Information shown -
--------------------

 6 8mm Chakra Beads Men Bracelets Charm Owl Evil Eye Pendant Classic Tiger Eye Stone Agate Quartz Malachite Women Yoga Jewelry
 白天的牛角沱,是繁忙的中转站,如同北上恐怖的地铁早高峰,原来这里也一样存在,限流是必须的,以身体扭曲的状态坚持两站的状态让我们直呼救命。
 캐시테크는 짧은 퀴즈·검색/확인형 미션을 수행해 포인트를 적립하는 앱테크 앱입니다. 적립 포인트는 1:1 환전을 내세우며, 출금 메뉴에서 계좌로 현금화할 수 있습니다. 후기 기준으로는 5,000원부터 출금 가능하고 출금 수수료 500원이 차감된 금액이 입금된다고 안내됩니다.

--------------------

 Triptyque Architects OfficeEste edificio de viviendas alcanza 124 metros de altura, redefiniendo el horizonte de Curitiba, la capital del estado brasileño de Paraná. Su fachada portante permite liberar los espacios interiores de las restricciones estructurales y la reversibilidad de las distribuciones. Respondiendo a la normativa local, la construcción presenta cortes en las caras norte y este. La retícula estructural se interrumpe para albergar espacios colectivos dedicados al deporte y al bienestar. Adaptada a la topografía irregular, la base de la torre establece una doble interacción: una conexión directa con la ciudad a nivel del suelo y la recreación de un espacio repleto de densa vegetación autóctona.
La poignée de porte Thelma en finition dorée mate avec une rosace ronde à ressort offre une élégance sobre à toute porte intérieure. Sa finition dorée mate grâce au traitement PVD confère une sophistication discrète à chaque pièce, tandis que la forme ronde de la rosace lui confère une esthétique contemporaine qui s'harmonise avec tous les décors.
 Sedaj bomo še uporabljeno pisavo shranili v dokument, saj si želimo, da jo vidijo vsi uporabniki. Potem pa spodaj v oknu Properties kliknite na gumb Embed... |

--------------------

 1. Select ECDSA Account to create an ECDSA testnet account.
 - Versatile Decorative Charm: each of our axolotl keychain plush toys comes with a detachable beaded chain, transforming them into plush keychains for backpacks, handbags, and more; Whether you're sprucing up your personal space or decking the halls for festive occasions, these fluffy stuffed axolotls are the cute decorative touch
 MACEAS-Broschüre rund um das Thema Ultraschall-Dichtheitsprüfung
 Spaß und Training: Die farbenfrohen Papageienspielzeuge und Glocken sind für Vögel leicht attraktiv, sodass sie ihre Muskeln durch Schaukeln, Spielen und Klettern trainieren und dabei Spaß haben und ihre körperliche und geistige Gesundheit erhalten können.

--------------------

Task description -
Reproduce exactly the lines above from the line with "MACEAS-Broschüre rund um" to the line with "Spaß und Training: Die", including both, and add nothing.

Response to this exercise -
 MACEAS-Broschüre rund um das Thema Ultraschall-Dichtheitsprüfung
 Spaß und Training: Die farbenfrohen Papageienspielzeuge und Glocken sind für Vögel leicht attraktiv, sodass sie ihre Muskeln durch Schaukeln, Spielen und Klettern trainieren und dabei Spaß haben und ihre körperliche und geistige Gesundheit erhalten können.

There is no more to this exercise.